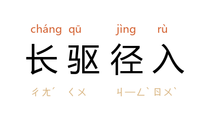 ⒈ 挺进迅猛,锐不可挡。汉·曹操〈劳徐晃令〉:「吾用兵三十余年,及所闻古之善用兵者,未有长驱径入敌围者也。」也作「长驱直入」、「长驱而入」。
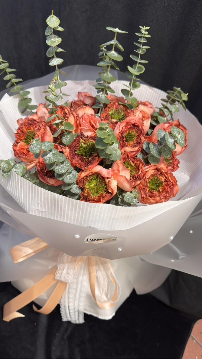 Kompozice je citlivě doplněna vysokými stonky stříbřitého eukalyptu, který zajišťuje elegantní výšku a dodává kytici moderní, vzdušnou texturu. Celé aranžmá je odborně připraveno a zabaleno v charakteristickém elegantním stylu PROTEA, který zdůrazňuje prémiovou kvalitu vybraných květin.
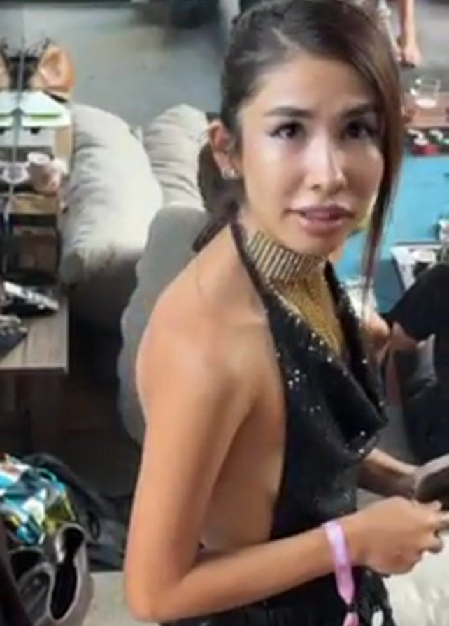 Here's a detailed description of the video: A woman is standing in what appears to be an indoor event space or lounge. She has dark hair pulled back in a unique braid style and is wearing a black, backless dress with a gold choker. She is holding a smartphone or small tablet in her hands. She is interacting with someone off-camera, speaking and smiling briefly. The background shows other people seated on lounge-style furniture, indicating a gathering or social event is taking place. There are various objects like bags, mugs, and other personal items scattered around, suggesting a relaxed atmosphere. The overall lighting is moderate, and the scene seems casual.
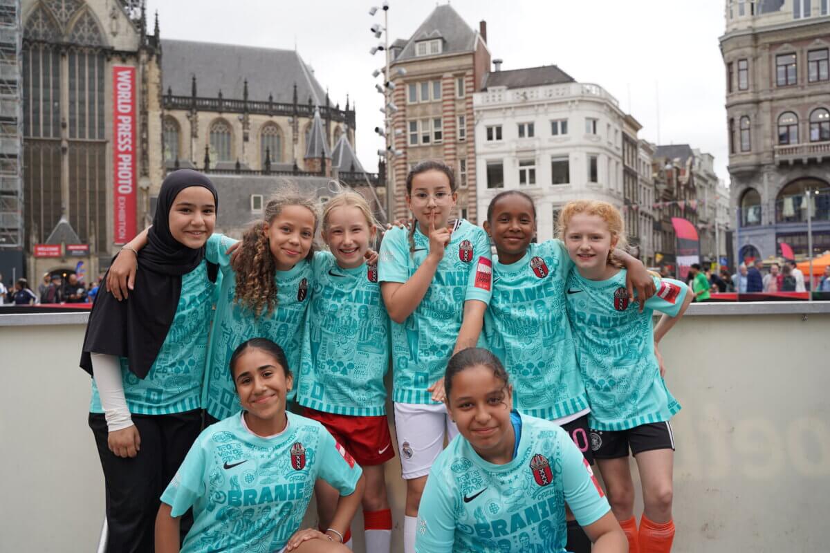 De grote finale voor onszelf was de presentatie van de shirts voor de start van het toernooi op 5 juli op de Dam. Daar kwam al het kleurrijke werk samen en werden de prachtige en direct begeerde shirts gedragen door alle jongens en meiden uit elk stadsdeel. Wethouder Sofyan Mbarki opende de finale en droeg al snel zijn groene shirt van Nieuw-West. Zo was Zuid oranje, Zuidoost fel geel en Weesp blauw. De details op de shirt waren gelijk onderwerp van gesprek voor de kinderen, de ouders en meegekomen fans die graag ook een shirt hadden gewild.
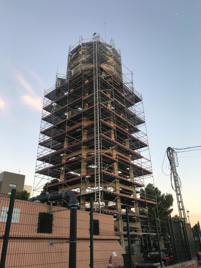 Respecto a las obras, que tiene una duración prevista de 4 meses y una inversión cercana a los 100.000 euros, Campos ha explicado que, entre otras cosas, se va a proceder a la retirada de las viejas tuberías de fibrocemento de llenado y vaciado, se ha instalado un andamio perimetral que permite el acceso seguro a cualquier punto de la estructura hasta una altura de 30 metros sobre el suelo y se va a desmontar la antigua escalera de acceso.
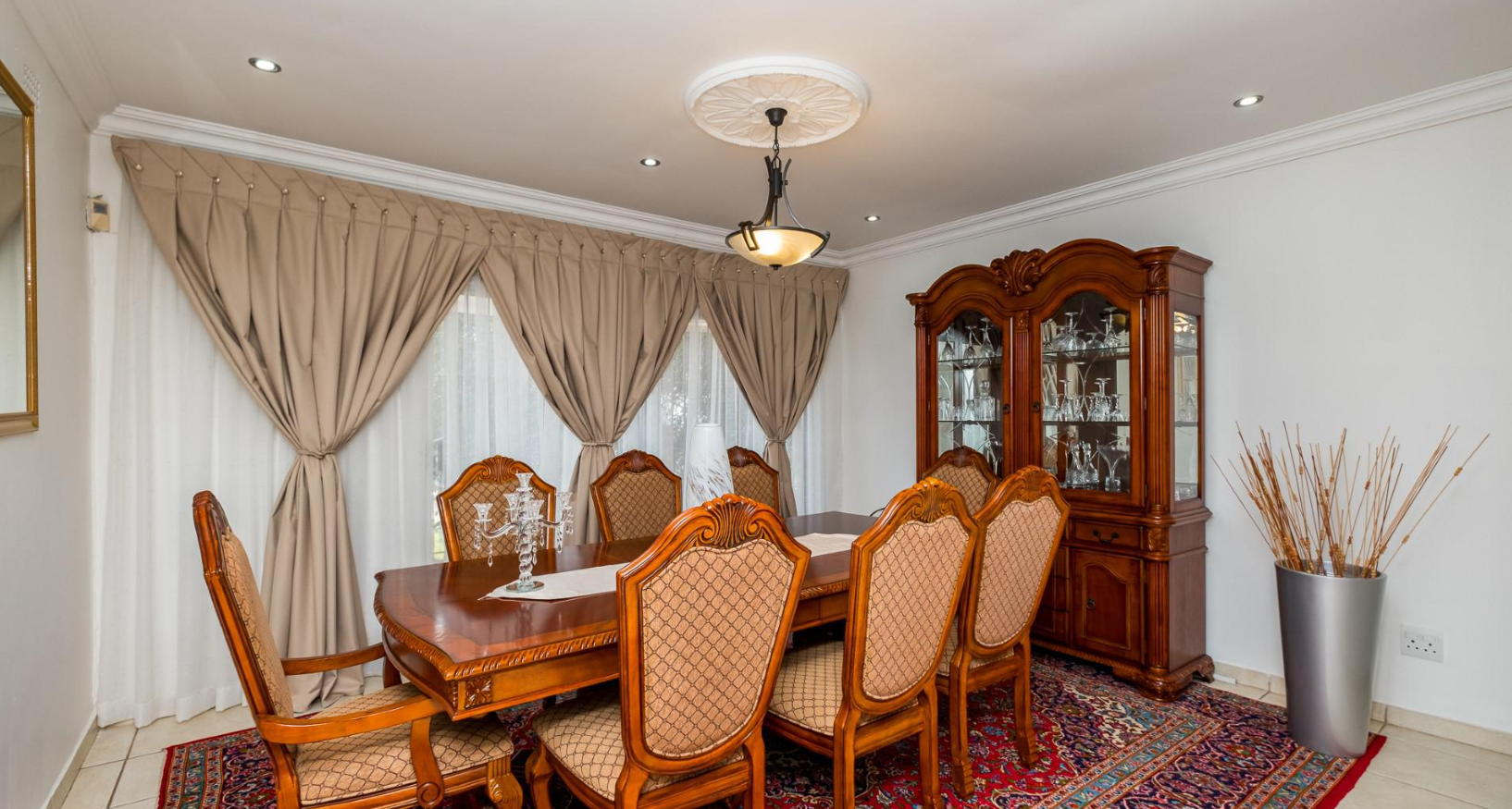Step inside to find versatile living spaces designed for comfort and functionality. The home boasts a welcoming lounge area, characterized by light green walls, crown molding, and large windows that invite abundant natural light. A dedicated family TV room provides an additional space for relaxation and entertainment. The formal dining room, featuring traditional dark wood furniture and elegant window treatments, seamlessly connects to the kitchen, making it ideal for entertaining. Exposed wooden ceiling beams and a prominent staircase add character to certain living areas, enhancing the home's unique appeal.
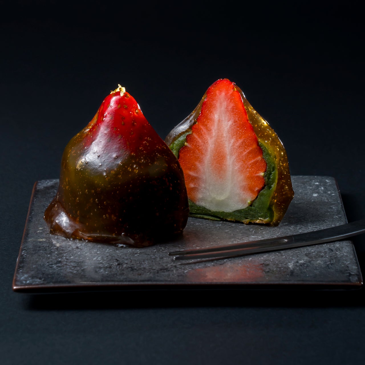 伊豆の摘みたて直送紅ほっぺを苺大福のように丸ごと使用。特製餡とぷるぷるのわらび餅で包み込んだ、一つ一つ職人の手仕込みで仕上げた逸品。
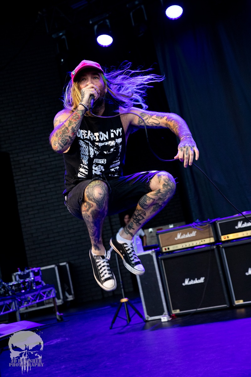As the sun sets over the River City, local support Anty! takes the stage and brings a chilled vibe to the crowd. The Bennies frontman bounces all over the stage with a brilliant mix of reggae and cruisy punk. With only a rhythm section, they still provide an amazing sound and Anty really knows how to get the crowd prepared for the upcoming punk lords. Even throwing in a Madness cover for good measure, the crowd of seasoned punks grooves along to the beat.
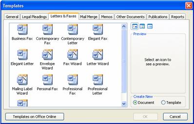 Pentru Sabloane (Templates) daca alegeti optiunea On my computer puteti opta pentru diverse categorii (ex. Letter & Faxes) |
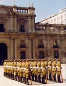 It’s a pretty building; they restored it after the military coup. It has many different salons and patios. President Lagos opened it up to the public; before people weren’t allowed in the patios. There are many things going on around there, like protests. Protesters often deliver letters to the building. Every morning they have the changing of the guard.
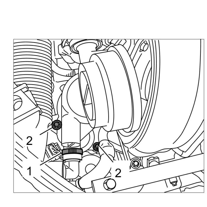 3. Fit and tighten two new Torx screws (M6 x 20) -2-. => Tightening torque: 7.5 ftlb..
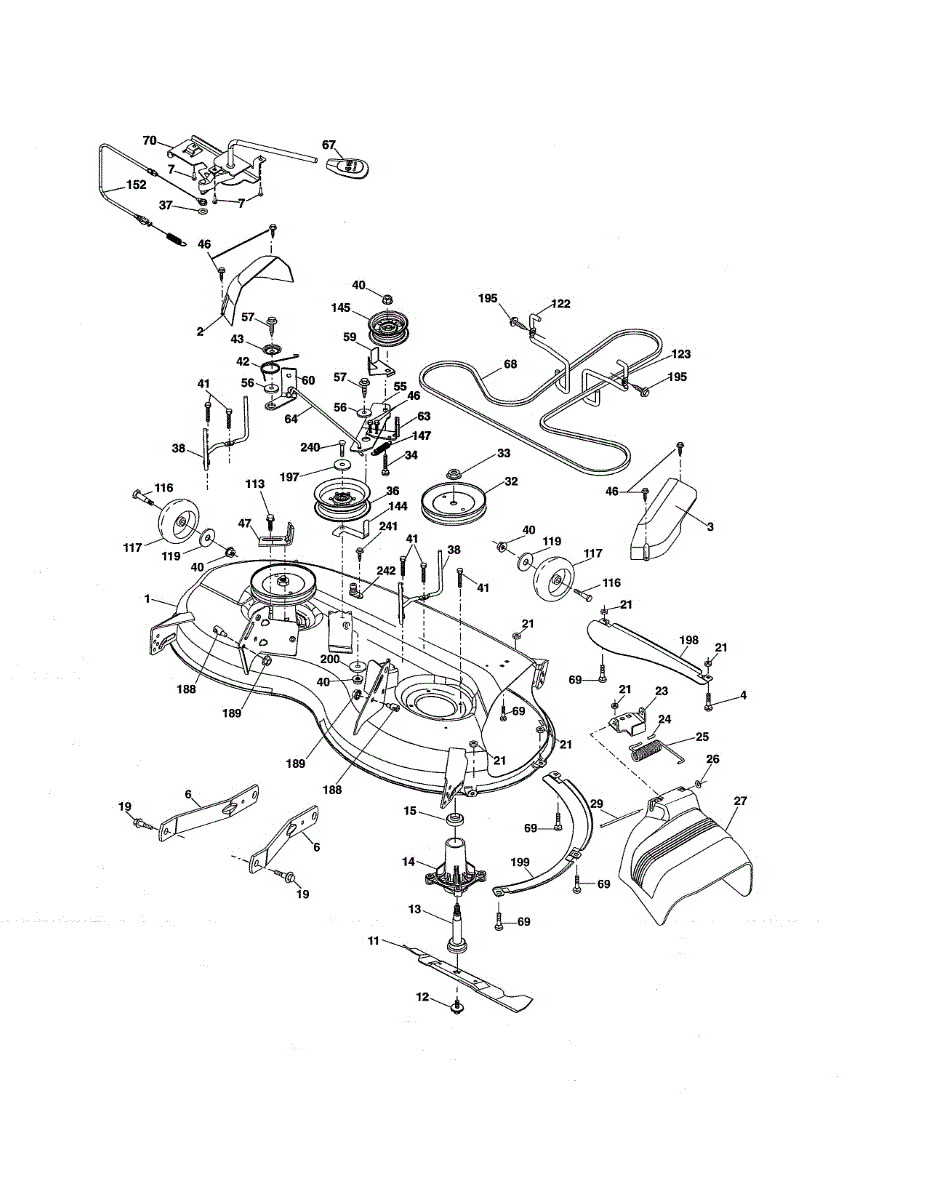 Deck spindle assembly that houses the blade mounting shaft on riding mowers. Bolts to the mower deck. Replace if housing is cracked, worn, or damaged.
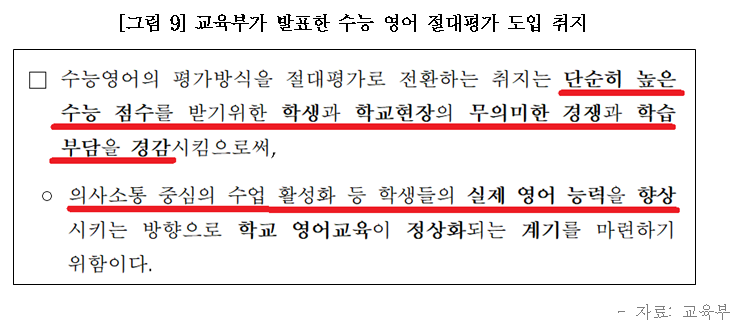 여기에 국어․수학․사탐․과탐이 상대평가인 상황이 중학생을 수능 영어 사교육으로 유도하고 있는 상황입니다. 절대평가 되었지만 난이도가 어려운 수능 영어를 미리 대비하라는 신호는 물론이고 상대평가 과목이 더욱 중요해졌기 때문에 절대평가인 영어는 중학교 때 끝내고 고등학교에서는 상대평가 과목을 준비하라는 신호를 사교육 시장에서 주는 것입니다. 이 신호는 중학교로 끝나지 않고 초등학생 수능 대비 영어 사교육으로 이어지는 현실입니다. |
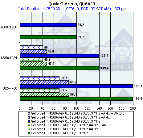 Полагаю, что единичный случай обгона NV28 своего прежнего собрата Ti 4200 в разрешении 1024х768 мало о чем говорит, ситуация в целом такая же.
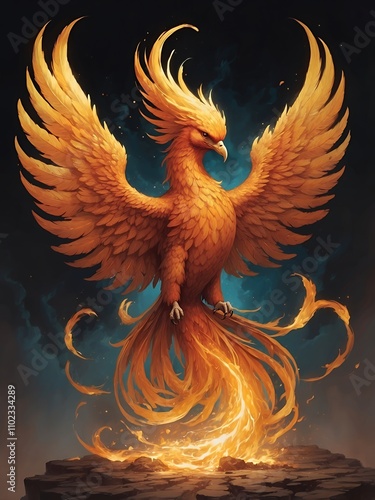 © AriesWarrior, Fototapeta premium an orange phoenix rising from ashes
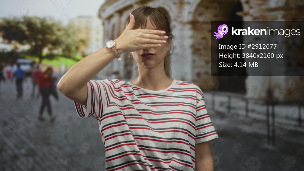 Woman covering her eyes with one hand in a building by the coliseum, smiling with glasses and a visible watch on wrist; playful joy.
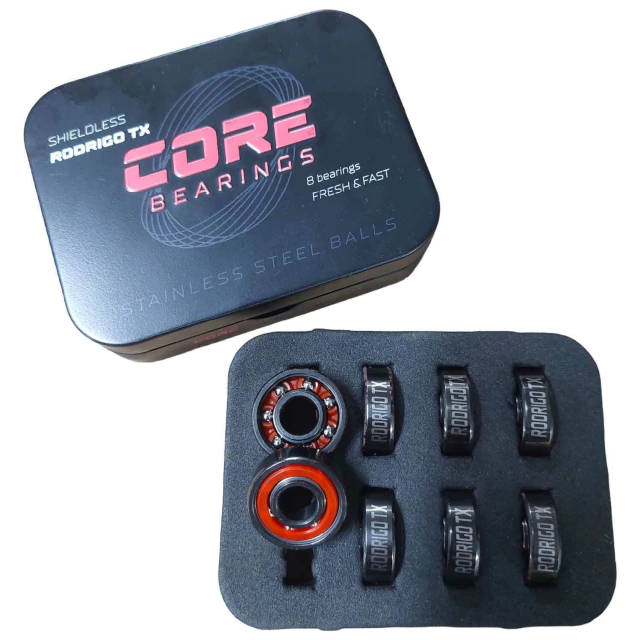 Com seu design Shieldless (sem escudos), o Core Bearings Rodrigo TX oferece menor atrito, resultando em um giro mais livre e maior velocidade. A ausência dos escudos também facilita a limpeza e manutenção, garantindo que seus rolamentos estejam sempre em condições ideais para encarar qualquer sessão.
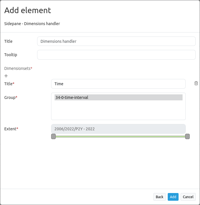 Defining a dimensionsset: Next, define a dimensionsset. You can create a new set in the element via the “+” button. Type in a title for the set and select a Group.
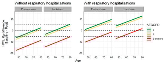 Under certain circumstances, participants with two or more AECOPD tend to improve their upper-limb strength more than the other participants. For instance, they are expected to have, on average, a decreased dHMS by 11.12 kg when compared with participants with no AECOPD (CI95 ≈ [6.36, 15.87]; CI95 is the 95% Confidence Interval), ceteris paribus (everything else remains constant). Participants with respiratory hospitalizations tend to have, on average, an increased dHMS by 7.32 kg (CI95 ≈ [0.88, 13.76]), ceteris paribus. Every year added to a participant’s age results, on average, in an increase of 0.26 kg (CI95 ≈ [0.03, 0.49]) in the dHMS, ceteris paribus. Finally, belonging to the lockdown group resulted, on average, in an increased dHMS by 3.08 kg (CI95 ≈ [0.04, 6.11]), ceteris paribus (Table 2).
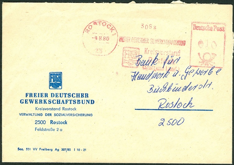 Dieser Rostocker Absenderfreistempel benennt den FDGB als Absender. Den Kreisvorstand des Freien Deutschen Gewerkschaftsbundes. 1986 hatte er seine gewerkschaftliche Rolle noch gesamtgesellschaftlich inne.

→ WHAT THE TASK REQUIRES:
In the entries above, find the line with "It’s a pretty" and the line with "Deck spindle assembly". Return exactly those lines and all the ones between them, pictures excluded.

→ ANSWER BOX:
 It’s a pretty building; they restored it after the military coup. It has many different salons and patios. President Lagos opened it up to the public; before people weren’t allowed in the patios. There are many things going on around there, like protests. Protesters often deliver letters to the building. Every morning they have the changing of the guard.
 3. Fit and tighten two new Torx screws (M6 x 20) -2-. => Tightening torque: 7.5 ftlb..
 Deck spindle assembly that houses the blade mounting shaft on riding mowers. Bolts to the mower deck. Replace if housing is cracked, worn, or damaged.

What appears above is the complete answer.